The world will be better off if she loses, but here’s the announcement.
Angela Merkel has decided to seek a fourth term as German chancellor, less than two weeks after Donald Trump’s election in the US left her as the west’s pre-eminent defender of liberal values.
The announcement to stand again came days after meetings with world leaders that underscored Ms Merkel’s importance to an international liberal order rocked by Mr Trump’s electoral victory, and the rise of populist and nationalist parties across Europe.
She announced her decision to seek re-election on Sunday night, ending months of speculation. She said she had “thought endlessly” about whether to run again and described the decision as “anything but trivial, not for the country, for the party and for me personally”.
Ms Merkel said she wanted to serve Germany in “these difficult and uncertain times”.
Ms Merkel’s decision comes as the French on Sunday went to the polls to select a centre-right candidate for next year’s election. Pollsters expect the winner to face far-right leader Marine Le Pen in the battle for the presidency.

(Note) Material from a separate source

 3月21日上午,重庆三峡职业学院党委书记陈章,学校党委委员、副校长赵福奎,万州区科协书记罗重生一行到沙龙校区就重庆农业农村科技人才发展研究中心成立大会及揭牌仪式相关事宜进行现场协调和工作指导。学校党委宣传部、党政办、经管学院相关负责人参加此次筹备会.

“Germany and Europe need a safe pair of hands, they need predictability in policymaking, coherence and stability,” said Norbert Röttgen, the CDU head of the Bundestag Foreign Affairs committee. “It’s our responsibility to be this anchor of stability in the world.”
In the eyes of many AfD supporters, Ms Merkel symbolises a remote political establishment that has grown out of touch with the concerns of ordinary voters disillusioned by globalisation, free trade and open borders.

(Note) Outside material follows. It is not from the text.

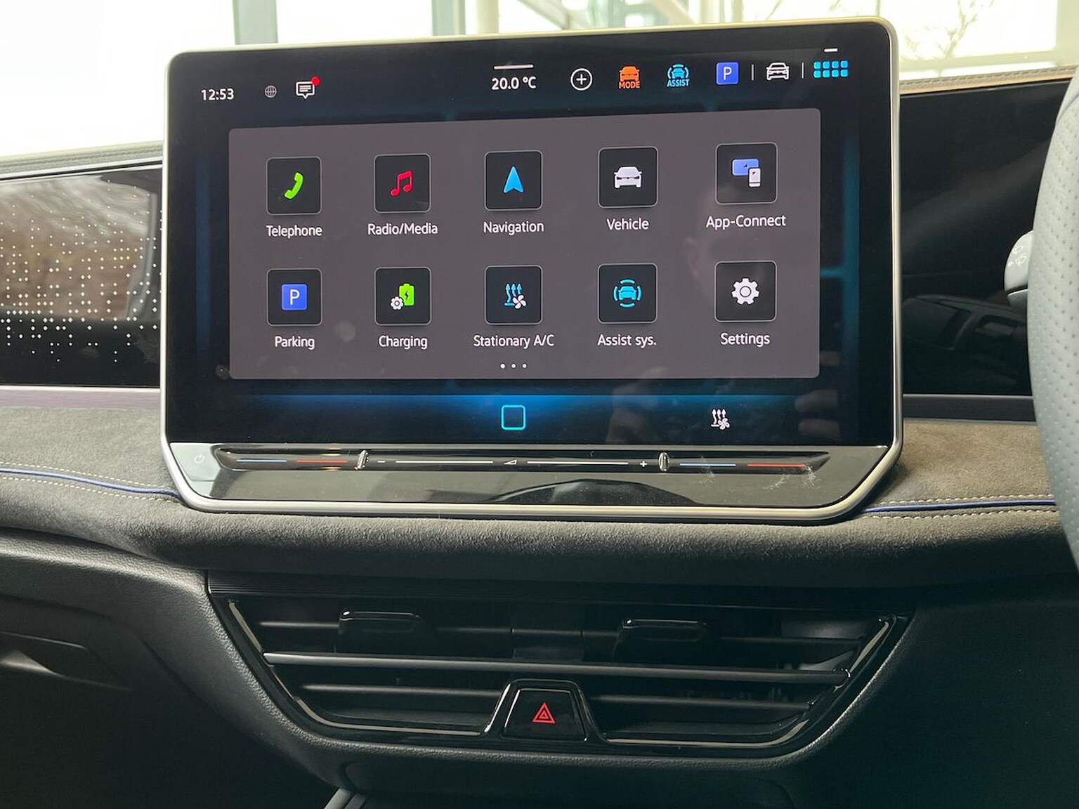"Front windscreen with grey tinted sunband",

The AFD is now Germany’s third most popular party, according to Emnid, with 13 per cent of the vote. This compares with 33 per cent for the CDU/CSU — down considerably on the 41 per cent they scored in the 2013 election — and 24 per cent for the Social Democrats, junior partner in Ms Merkel’s governing coalition.
“The Bundestag election is open,” said Thomas Oppermann, head of the SPD group in parliament. “Angela Merkel is no longer unbeatable.”
To Hell With Principles
During its meeting on Sunday, the CDU also began drawing up an election platform for next year’s campaign which is in part designed to stop the haemorrhaging of support to the AFD. The party will, for example, rule out a repeat of last year’s refugee influx and say that it will pursue sanctions against migrants who refuse to integrate into German society.
Merkel still has not admitted a refugee policy mistake. In fact, she stated if she could go back in time she would go back far enough to plan for the refugees.
Now, her party hopes to get away with distortions and lies about Merkel’s true colors by saying things AfD wants to hear.
This is what Hillary did in an attempt to pick up Bernie Sanders votes. Hillary also bent her stance on trade and tariffs so that it was indistinguishable from Trump. Then despite all of media rallying around Hillary, she lost anyway.
Improving Support for Merkel?
“Results showed that 50 percent of poll participants were against a new term for the Chancellor, while 42 percent were in favor. She has come under fire from both citizens and fellow politicians for her refugee policies.”
Now we are told over 50% support her. One reason is no one in CDU/CSU wants to run against her. A second reason is Merkel’s pact with Erdogan to keep refugees penned up in Turkey is still “working” to use the term loosely.
There is no real groundswell of support for Merkel.